On Thu, 24 Mar 2016 16:03:07 +0100
David Sterba <[email protected]> wrote:
> On Sun, Mar 20, 2016 at 03:11:11PM +0800, Flex Liu wrote:
>[...]
> > --- a/fs/btrfs/volumes.c
> > +++ b/fs/btrfs/volumes.c
> > @@ -2325,7 +2325,10 @@ int btrfs_init_new_device(struct btrfs_root *root, char *device_path)
> > if (seeding_dev) {
> > sb->s_flags &= ~MS_RDONLY;
> > ret = btrfs_prepare_sprout(root);
> > - BUG_ON(ret); /* -ENOMEM */
> > + if (ret) {
> > + btrfs_abort_transaction(trans, root, ret);
>
> The transaction abort seems a bit heavy as it will take down the whole
> filesystem. It's called from the device add ioctl, this is a restartable
> operation.
>
> Unfortunatelly btrfs_prepare_sprout is called after the transaction
> start so btrfs_abort_transaction must be called.
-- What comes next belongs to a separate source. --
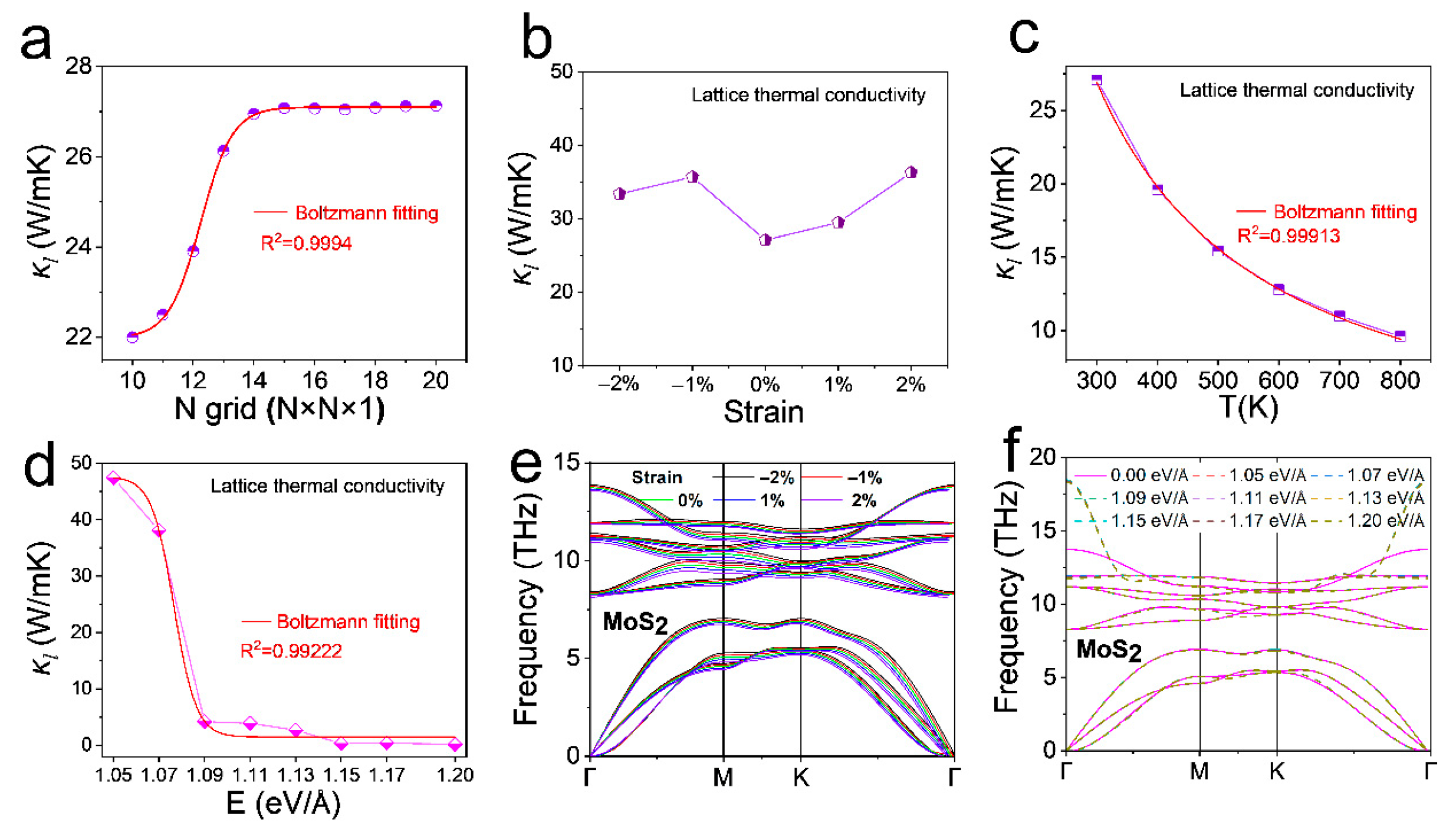 In practical device configurations, the ±2% uniaxial strain explored in this study can be achieved through lattice-mismatched heterostructures, where interfacial lattice differences between MoS2 (optimized lattice constant a = 3.166 Å) and adjacent materials induce intrinsic strain. Suitable heterojunction partners include WS2 (lattice constant ~3.15 Å, ~−0.5% mismatch, tunable to ±2% via growth control), AlN (~3.112 Å), and GaN (~3.186 Å), all of which exhibit sufficient lattice compatibility with MoS2 to generate the target strain range within van der Waals heterostructures. Focusing on monolayer MoS2 herein allows for isolating intrinsic strain effects from complex interfacial interactions, establishing clear baselines for how strain modulates bandgaps, carrier transport, and thermoelectric parameters—foundations critical for interpreting more complex systems.

To avoid it, the code
> would need to be reorganized, so the memory allocations happen in
> advance.
On the other hand, an abort is still better than a BUG_ON(), and it may
be easier to make incremental improvements.
Just my 2 cents (I haven't tried it),
Petr T
On Thu, Mar 24, 2016 at 04:08:18PM +0100, Petr Tesarik wrote:
> On Thu, 24 Mar 2016 16:03:07 +0100
> David Sterba <[email protected]> wrote:
>
> > On Sun, Mar 20, 2016 at 03:11:11PM +0800, Flex Liu wrote:
> >[...]
> > > --- a/fs/btrfs/volumes.c
> > > +++ b/fs/btrfs/volumes.c
> > > @@ -2325,7 +2325,10 @@ int btrfs_init_new_device(struct btrfs_root *root, char *device_path)
> > > if (seeding_dev) {
> > > sb->s_flags &= ~MS_RDONLY;
> > > ret = btrfs_prepare_sprout(root);
> > > - BUG_ON(ret); /* -ENOMEM */
> > > + if (ret) {
> > > + btrfs_abort_transaction(trans, root, ret);
> >
> > The transaction abort seems a bit heavy as it will take down the whole
> > filesystem. It's called from the device add ioctl, this is a restartable
> > operation.
> >
> > Unfortunatelly btrfs_prepare_sprout is called after the transaction
> > start so btrfs_abort_transaction must be called. To avoid it, the code
> > would need to be reorganized, so the memory allocations happen in
> > advance.
>
> On the other hand, an abort is still better than a BUG_ON(), and it may
> be easier to make incremental improvements.
That's acceptable, if there are going to be incremental improvements.